In the pursuit and development of malware detection algorithms, often a big sample set of both malicious and benign samples is required. Both machine learning or similar automated techniques, as well as manual or partially manual signature generation, often require a good and varied example set of benign samples that are commonly mistaken as malicious.

Those samples are usually being automatically analyzed and then provided to a Reverse Engineer for further scrutiny, analysis and improvement of said malware detection algorithm.

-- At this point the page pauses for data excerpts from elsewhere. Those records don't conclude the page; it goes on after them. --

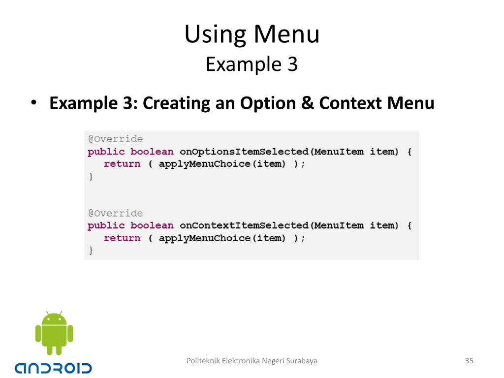 Using MenuExample 3 • Example 3: Creating an Option & Context Menu Politeknik Elektronika Negeri Surabaya
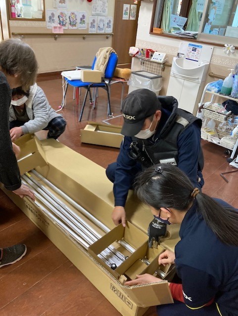 お部屋で設置が困難だったためフロア内で組み立て開始です。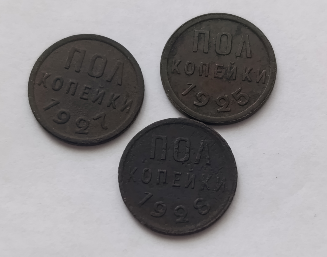 А я и не знал, что в советское время в обращении были монеты номиналом в полкопейки. Не знал ровно до тех пор, пока не стал коллекционировать монеты. Сначала купил себе полкопейки 1925 года, а потом ... Сейчас у меня накопилось штук 15 советских полкопеечников. Три монеты лежат в альбоме, так как монеты датированы лишь тремя годами - 1925, 1927, 1928. Их нумизматическая стоимость зависит от редкости. 1925 год - довольно распространенный. Средняя цена монеты - около 500-700 рублей. 1927 год - встречается более-менее не часто. Средняя цена монеты - около 1000-1200 рублей. 1928 год - редкий год. В среднем монета стоит 3500-5000 рублей. Данные цены распространяются только на те монеты, которые имеют очень хорошую сохранность (VF). На нумизматическом рынке монеты в полкопейки дефицитом не являются. Даже 1928 года. Но это сегодня, когда кладоискатели-любители находят тысячи этих монет каждый год. А был ли дефицит полкопеечников во времена СССР, когда эти монеты уже давно не участв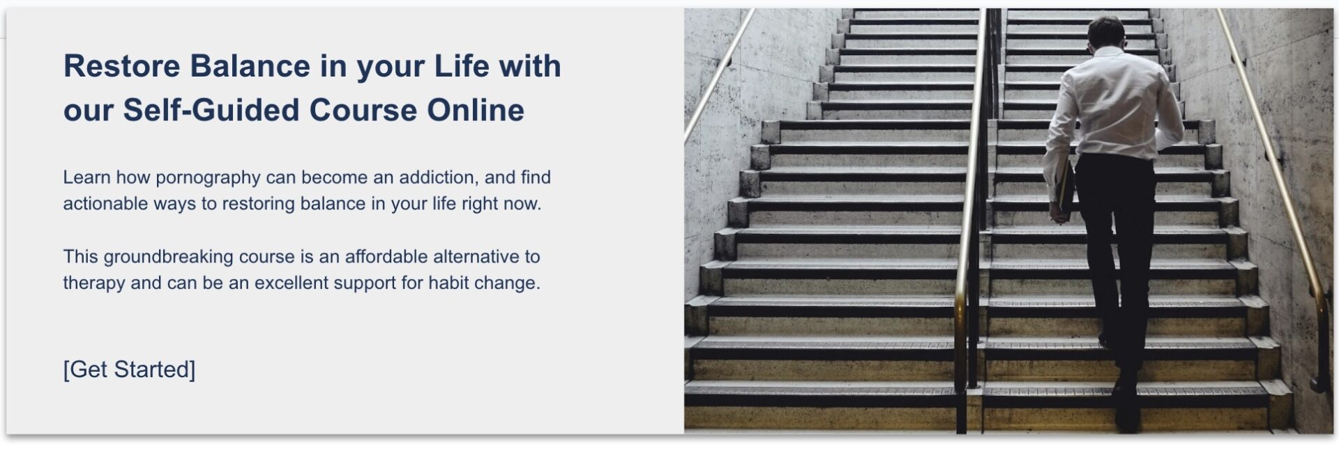 Whether you choose online counseling and/or the self-guided course, we encourage you to supplement your wellness strategy. You can do so by participating in healthy activities that provide similar dopamine and oxytocin responses in the brain that are partly responsible for your compulsive connection to porn. Please read and explore Healthy Alternatives to Pornography.
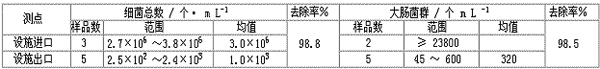 4.2 消毒效果 臭氧的氧化能力僅次于氟,殺菌能力很強(qiáng),與“氯化”法相比,不但能殺滅細(xì)菌,更能有效地殺死病毒和芽孢,除去水中的色、臭、味,對(duì)污水中地有機(jī)物進(jìn)行氧化分解,降低 BOD ,而且具有消毒快,操作簡(jiǎn)單,無(wú)二次污染等優(yōu)點(diǎn)。消毒裝置已運(yùn)用 9 年,進(jìn)行對(duì)比試驗(yàn)得出臭氧的投入量為 15mg/L ,接觸時(shí)間為 15min 時(shí),為最佳殺菌條件,細(xì)菌總數(shù)和大腸桿菌數(shù)均達(dá)到國(guó)家排放標(biāo)準(zhǔn)。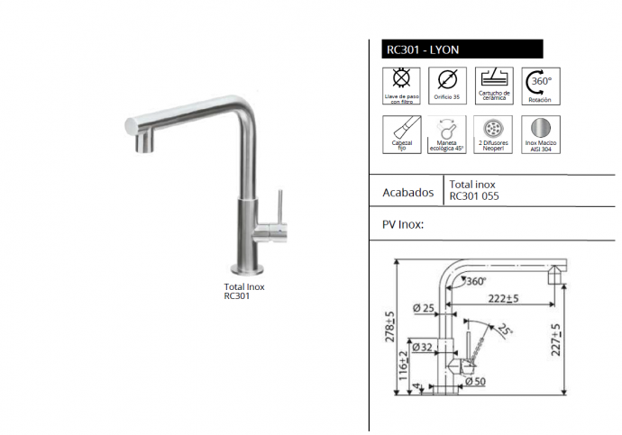 Descripción: Grifo monomando de cocina Total Inox con caño alto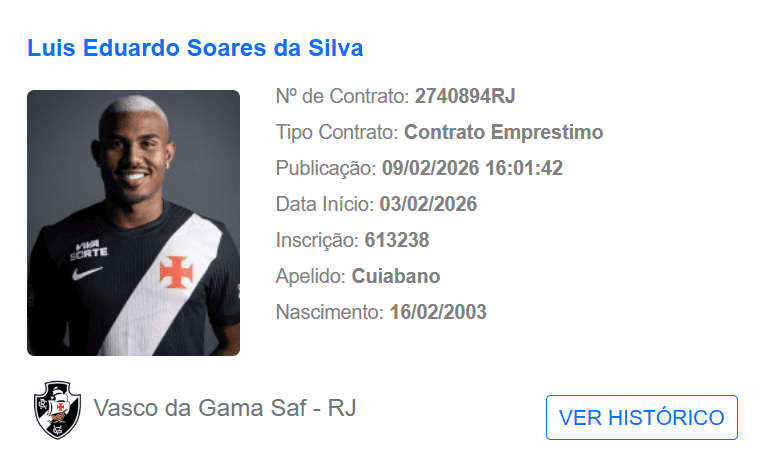Cuiabano teve seu nome registrado no Boletim Informativo Diário da CBF.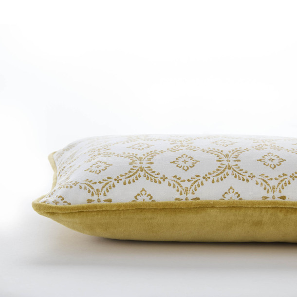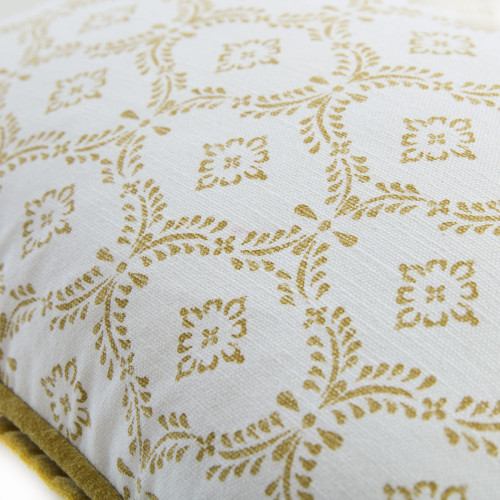 Cojín Norton con diseño de Medallones Clásicos, en tonos Amarillo Ocre. Mide 30cm x 50cm. De Laura Ashley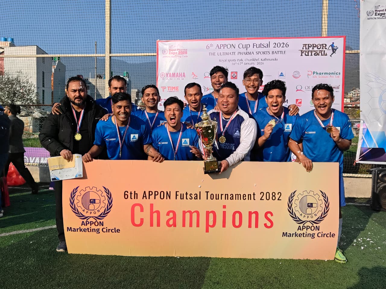 काठमाडौँ, ३ माघ । ‘डिफेन्डिङ च्याम्पियन’ एशियन फर्मास्युटिकल्स छैटौँ एपोन फुटसल प्रतियोगिता – २०८२ को पनि उपाधी हात पारेको छ ।

Although finding malicious samples is frequently discussed (see multiple questions), discussion about benign sample sources seems lacking.

What are good benign sample repositories/feeds, preferably focused on potential/frequent false positive samples? Other sources or "retrival methods" (scraping) are also welcome!

3 Answers 3


You can find some of the samples from our work on deobfuscation at hxxp://www.cs.arizona.edu/projects/lynx-project/Samples/ (s/x/t/). The programs---a mix of Linux and Windows binaries---are all benign (you'll have to take my word for this :-), but use a variety of techniques commonly used by malware. These samples formed the basis for the results reported in the following papers:

  • Yadegari et al, "A Generic Approach to Automatic Deobfuscation of Executable Code", Proc. IEEE Symposium on Security and Privacy, May 2015. These consist of programs obfuscated using tools such as VMProtect, ExeCryptor, and Themida; and several that use return-oriented programming.
  • Qiu et al, "Identifying and Understanding Self-Checksumming Defenses in Software", Proc. Fifth ACM Conference on Data and Application Security and Privacy (CODASPY), March 2015. This is a collection of programs that use a variety of techniques, including self-modifying code, to implement self-checksumming-based anti-tampering.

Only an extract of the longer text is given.